The 88th General Assembly
has convened the 2012 fiscal session

Wednesday, August 1, 2007

Made-whole doctrine

An Arkansas law student has stimulated some discussion in the state's legal community with a recent article in the Fayetteville law school review on the made-whole doctrine. Melissa Perry calls for the legislature and courts to reexamine the doctrine in Arkansas and restore carriers to their contractual rights. The made-whole doctrine is a descriptive term for an equitable application of unjust enrichment -- an insured should not recover more than that which fully compensates him or her, and an insurer should not recover any payments that should rightfully go to the insured so that he or she is fully compensated. As an example of how the doctrine is applied here in Arkansas, the fact that an automobile insurer's right to subrogation arises from a contract does not give it a higher priority than its insured's tort claim, and an insured is entitled to be made whole before the insurer is entitled to recover anything against the tortfeasor.
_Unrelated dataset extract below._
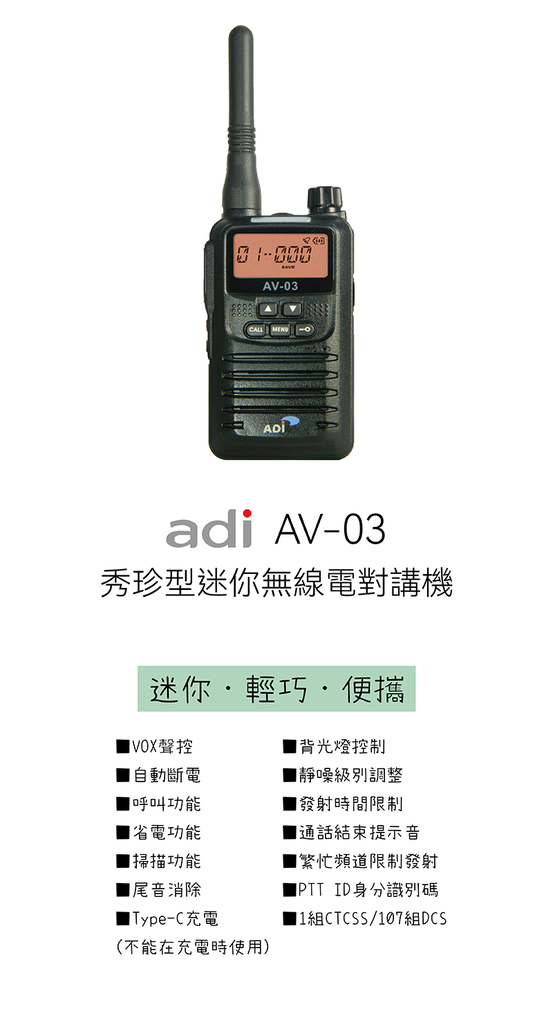 ADI AV-03 秀珍型迷你無線電對講機 (2入)

My firm has been abuzz with this issue for the last month or so since the Texas Supreme Court delivered its opinion in Fortis Benefits v. Cantu et al, --- S.W.3d ---, 50 Tex. Sup. Ct. J. 965 (Tex., June 29, 2007). The Court held there that the made-whole doctrine must yield to Fortis’s right to contractual subrogation under the plain terms of the insurance policy (the Texas Supreme Court distinguished equitable subrogation vs. contractual subrogation in an effort to keep the law on equitable subrogation intact in Texas, but the ruling will significantly change the civil trial practice from the perspective of medical providers, Plaintiffs, and insurance companies in that state). That's basically what Perry advocates in her recent article (I can't find a free link online -- it'll be here eventually).